Only 8% said they had made sports bets in person at a casino, racetrack or kiosk, and 6% reported having done so online. The survey did not ask if the online sites were regulated by a government agency, or were unregulated offshore sites.

The survey's results indicate that the nascent U.S. legal sports betting industry, while growing rapidly, has plenty of room for expansion; more than 80% of all legal sports bets in the U.S. are made online.

As of last Thursday's kickoff to the NFL season, 31 states plus Washington D.C. offered legal sports betting, and several others will do so soon.

A record 46.6 million Americans say they plan to bet on the current NFL season, up 3% from last year, according to the American Gaming Association, the gambling industry's national trade group.

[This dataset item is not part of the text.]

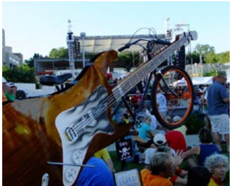
One of many amazing bicycle sculptures along the route.

We were glad to move out of Waterloo and on to Manchester early that morning, especially before the building downpour turned the field into a torrent of mud. It was cold, however, and riding 57+ miles in the pounding rain with thunder crashing overhead and rain slashing at our arms was tough. On this day, the uphill were our friends, keeping us warm as we generated our own heat. But the following downhill caused us to chill to the bone. After 40 miles, Kyle and I stopped at a local gas station for hot

The center surveyed 6,034 adults from July 5-17. Its margin of error is plus or minus 2 percentage points.

More male respondents than female — 24% versus 15% — said they had bet on sports in some form in the past year. And of respondents under 50 years of age, 22% had bet on sports compared to 17% over 50.

The Pew Center said 27% of Black respondents and 24% of the Hispanic respondents reported having bet on sports, while 18% of white adults and 10% of Asian-Americans said they had.

It found no significant differences in sports betting by educational attainment or household income level: 18% of college graduates said they bet on sports in the past year, and 20% of those without a college degree said they had done so.

Meanwhile, 22% of adults in the upper-income wage bracket, 19% of middle-income and 19% of lower-income households reported making sports bets in the past year.

The survey also found no significant difference by party affiliation: 21% of Democrats and Democratic-leaning independents said they have bet on sports in some way in the last 12 months, as have 19% of Republicans and Republican-leaning independents.

In terms of whether sports betting is good or bad for society, 57% said it is neither. Just over a third — 34% — said it is bad, and 8% said it is good.

Asked whether betting on sports is good for sports itself, 49% were neutral, 33% saw it as bad and 16% said it is good.

As of May, the fourth anniversary of a U.S. Supreme Court decision clearing the way for all 50 U.S. states to offer legal sports betting should they choose to do so, Americans had wagered over $125 billion on sports.